Отвязав ремни, он грубо отволок меня обратно в камеру, причём, когда тащил мимо дежурки, я успел попросить у игравших в нарды полицейских закурить, для типа в камере, на что мне ответили:
- Вредно для здоровья! – и заржали, будто сказали невесть что смешное.
Человек в камере рылся в своей жестянке, выбирая окурки. Прищурив глаза, разглядывал на свет, как фотопленку с редкими кадрами.

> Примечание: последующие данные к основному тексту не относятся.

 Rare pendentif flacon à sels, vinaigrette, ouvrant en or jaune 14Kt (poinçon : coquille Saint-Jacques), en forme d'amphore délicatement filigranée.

Когда я сел рядом с ним на лавку, он посмотрел на мои руки – так животные в зверинце глядят на руки посетителей, ожидая гостинца.

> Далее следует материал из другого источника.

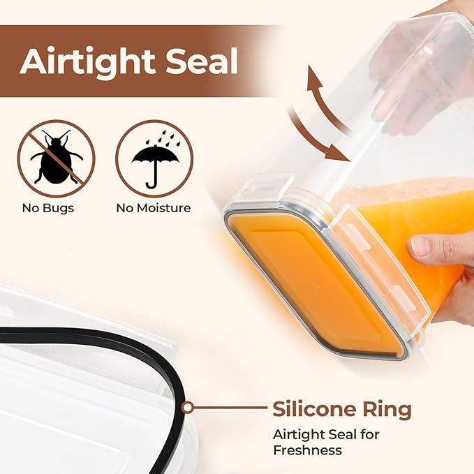 - Airtight & Fresh — Designed with silicone sealing strips and secure locking lids, these air tight pantry storage containers lock out pests and moisture to keep contents dry and fresh. Easy to clean, dishwasher safe, and reusable for long-term use.

- Ничего нет, - ответил я.
Человек, поставив жестянку на пол, лёг на лавку, скорбно сложил руки на груди, как у покойника, и вдобавок соединил два указательных пальца, нацелив их в потолок, и со стороны могло показаться, что покойник держит незажжённую пока что свечу.
Потом он руки расцепил, опустив одну так, что ладонь легла на пол, а затем принялся шарить под лавкой, вытягиваясь, чтобы добраться до всех потайных уголков, и его старания увенчались успехом. Двумя пальцами он держал целую сигарету.
- С фильтром, - удовлетворённо произнес он, опуская ноги на пол и садясь на лавку. – Приятные мелочи, характеризующие как нельзя лучше арестантское братство. Прятавший её, знал наверняка, что кому-то она может здорово пригодиться. Хотя кто я ему, и кто он мне…
Человек закурил, с наслаждением выпустил к потолку несколько колец, а затем сказал:
- Забыл представиться.
- Я знаю, как вас зовут, - сказал я. – Чокнутый электрик. Это вы поджарили на самодельном электрическом стуле парочку каких-то бедолаг. Об этом только и пишут в местных газетах.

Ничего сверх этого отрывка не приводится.